After all, this was not a place she knew. A tower rose along the crest of the hill, neatly fitted, freshly mortared, with walls reaching to either side and vanishing into pine forest. There was no telling how far such a wall extended, only that it seemed to mark the border of someone’s land.
Yet the sense of dislocation lasted only a moment. She shifted. Her right knee scraped against a sharp rock. Her left foot jammed up against the side of the hill. A stem of grass tickled her nose, and she sneezed, and everything transformed.
“Ai, Lady!” she said, and sat back on her heels, not knowing whether to laugh or cry.
She had certainly come back to where she started, to the very place in the land of the Ashioi where she had once dwelled. That tower had stood in ruins at the crest of a hillside which, in exile, had dropped precipitously into a vale of mist. Now the tower had been repaired, together with the wall. Fresh chalk brightened the White Road, as the Ashioi called it: the border of their land. The knife edge along which the ancient spell had cut the land of the Ashioi away from Earth.
She slid backward, careful with her gear, to let the hanging grass conceal her. If the Ashioi captured her, she would have to escape, and therefore she would have to fight. If they shot her with poisoned arrows, she might not survive a second brush with the toxin.
She would not go back.
She held out her hand, middle fingers curled in and thumb and little finger extended, and measured the horizon in the way that Da had taught her long ago. The sun stood one span above the rosy horizon. Above, much of the sky remained clear. Soon it would become night, and she could measure the stars and judge the season and, possibly, her latitude, comparing the angle and azimuth with what was stored in her city of memory. The catalog of stars written into Da’s Book of Secrets and the cunning astrolabe were lost to her, but Da had taught her well enough that she was not dependent on them; they only made things easier, and more accurate. She must walk west and nort
h. It would be a long journey to Wendar, but she had made that journey before. She could do it again.
She sighed and closed her eyes, and perhaps because of the lazy glamour of sunlight against her face or perhaps because she was really just that exhausted, she slipped into a doze.
Woke.
Day melted into night. The sun’s rim winked gold at the horizon, caught in a notch in the distant hills and visible only because of that last spasm of light.
A person was sitting next to her, perfectly still and quiet.
She choked down a cry of surprise, and reached for the sword she no longer carried.

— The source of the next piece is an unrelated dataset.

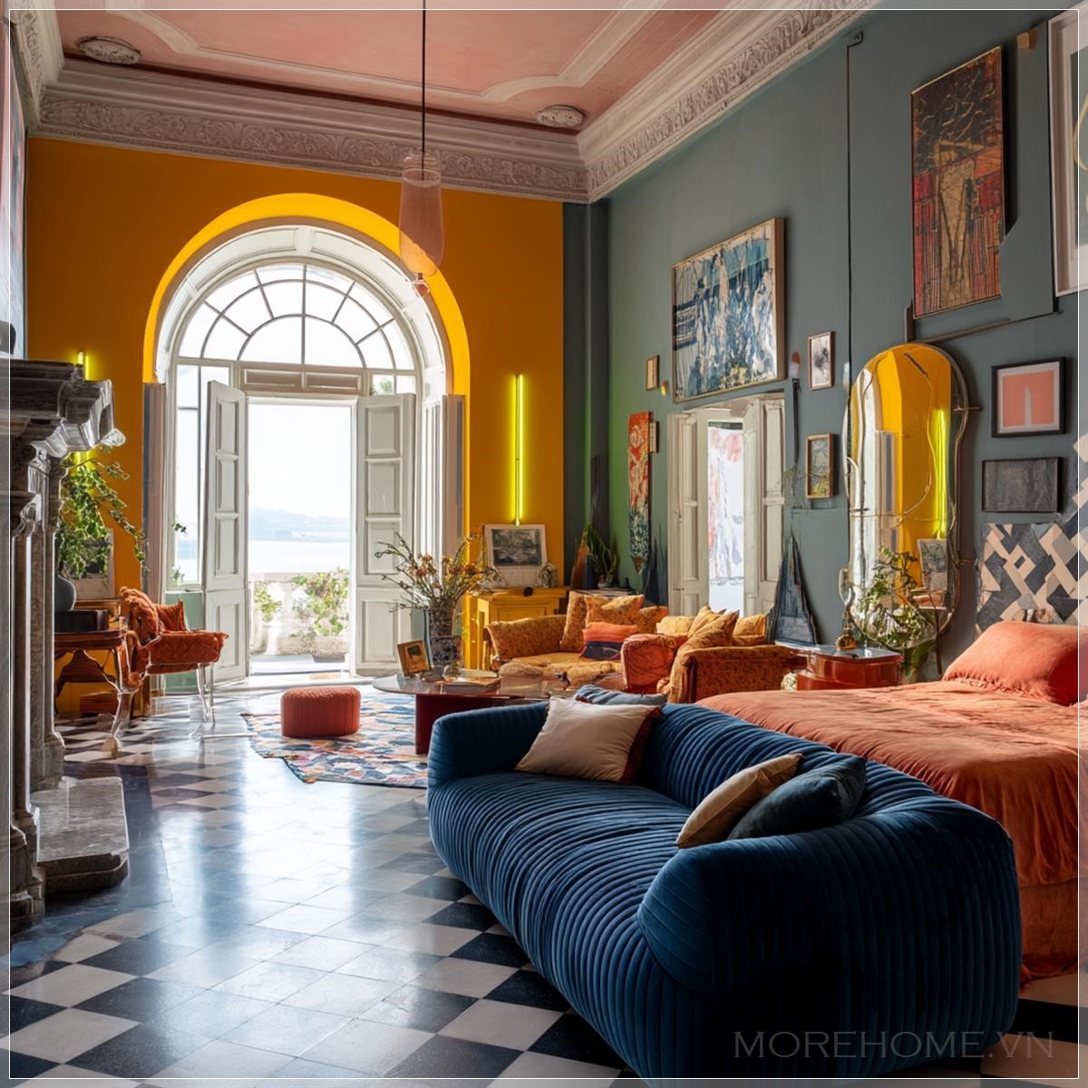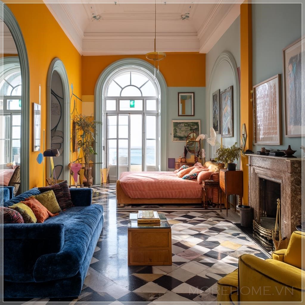 Không gian phòng ngủ này cũng mang lại cảm giác gần gũi và thân thiện nhờ vào sự kết hợp của ánh sáng tự nhiên và các chi tiết cổ điển. Các cửa sổ lớn cho phép ánh sáng mặt trời tràn ngập vào phòng, khiến không gian luôn tràn đầy sinh khí và thư giãn. Cộng với các chi tiết nội thất như ghế sofa màu xanh dương, đèn neon vàng, và các món đồ trang trí nghệ thuật, phòng ngủ này thực sự tạo ra một không gian sống động và thú vị.

“It’s just me,” Eldest Uncle said.
She shrieked, and laughed as her heart pounded and her hands shook.
“Shhh!” he whispered. “We must get you out of here, Bright One.”
“How did you find me?”
He smiled. “Despite your attempt to conceal yourself, you are visible from the road. I took a walk to seek out a particularly good meadow of earth-apple that lies a morning’s walk from here. Its oil eases the ache in my joints, and the long walk does me good. Coming back, I saw you. I diverted the twilight patrol. Best we move quickly.”
She grimaced, rubbing her thighs. “Yes. What do you suggest?”
“Only the patrols walk the outer roads these days. The great armies have run west and east to combat our enemies.”
“Have the Ashioi gone to war?”
“There is much news to tell you.”
“I have my own news. What I have seen—!”
He nodded. “In time, we can discuss all this. Meanwhile, there is also a person you can help, if you wish to. As soon as it is full night, we will walk in the shroud of darkness.”
She looked up at the heavens. A high haze obscured the zenith. All that she had seen, climbing the thread of aether, was hidden to her. She could not see the fixed stars, the wandering stars, or even the moon. Only in the west did she glimpse the flash of a star in that gash along the far hills where the haze had not yet settled.